Limitations & Future Work¶
- Dependency on paired multi-omics + pathology data: The 5 cohorts were selected precisely because all three types of data were available (UCEC only n=122); in reality, proteome (RPPA) coverage is far lower than transcriptome, posing a bottleneck for deployment. This paper does not handle missing modalities (unlike LD-CVAE/GHANet).
- Quality of protein identity embeddings is dominated by LLM descriptions: While experiments show robustness to LLM choice, descriptions may contain hallucinations or outdated knowledge, lacking independent validation of accuracy. ⚠️ Protein set size (\(N_p\)) is not explicitly stated in the main text; refer to supplementary materials.
- RPPA covers limited cancer-related and phosphorylated proteins, not the full proteome; the coverage of the "proteomic intermediate layer" is restricted. Whether this hierarchical hypothesis remains robust for mass spectrometry-based full proteomes deserves validation.
- Future Directions: Combining missing modality imputation (e.g., LD-CVAE style) with the hierarchical fusion of Ours; or extending the "gene→protein→morphology" chain to clinical/radiomics data for longer cascades.
Related Work & Insights¶
- vs MCAT / MOTCat / SurvPath (Two-modal G+I): These use co-attention / optimal transport / pathway knowledge to align genes and images but lack the protein layer and use flat fusion. Ours explicitly inserts the protein intermediate layer and follows the hierarchy, increasing average C-index from 0.712 to 0.753.
- vs CMTA / PIBD (Flat Multimodal): CMTA uses parallel encoding-decoding + cross-modal attention, and PIBD learns prototypes for discriminative info—both treat modalities as peer levels. HFGPI's difference lies in making "hierarchical dependency" a first-class citizen.
- vs PS3† / ICFNet† (Trimodal): These can handle three modalities (where the third is typically report text, replaced with proteome in experiments), but still use flat fusion.
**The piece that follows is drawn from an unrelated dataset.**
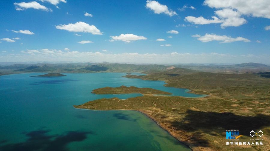 素有“千湖之縣”的瑪多縣境內(nèi)的湖泊。(航拍圖)新華網(wǎng) 宋忠勇 攝

HFGPI Gains another 1.8%~2.4% under the same trimodal input, showing that improvement comes from "how to fuse" rather than "how many to fuse."
Rating¶
- Novelty: ⭐⭐⭐⭐⭐ First to use the proteome as an intermediate layer + use systems biology cascades to guide fusion architecture; GRPF/PGHL have clear biological motivations.
- Experimental Thoroughness: ⭐⭐⭐⭐ 5 TCGA cohorts, comparison with 15+ methods, ablation of every module and encoder; however, limited to TCGA and small cohorts (UCEC n=122).
- Writing Quality: ⭐⭐⭐⭐⭐ Biological motivation-architecture-formula correspondence is excellent; the logic chain is smooth.
- Value: ⭐⭐⭐⭐ Provides a clear paradigm of "hierarchical fusion + protein layer" for multi-omics survival prediction with strong interpretability, though limited by the availability of paired multi-omics data.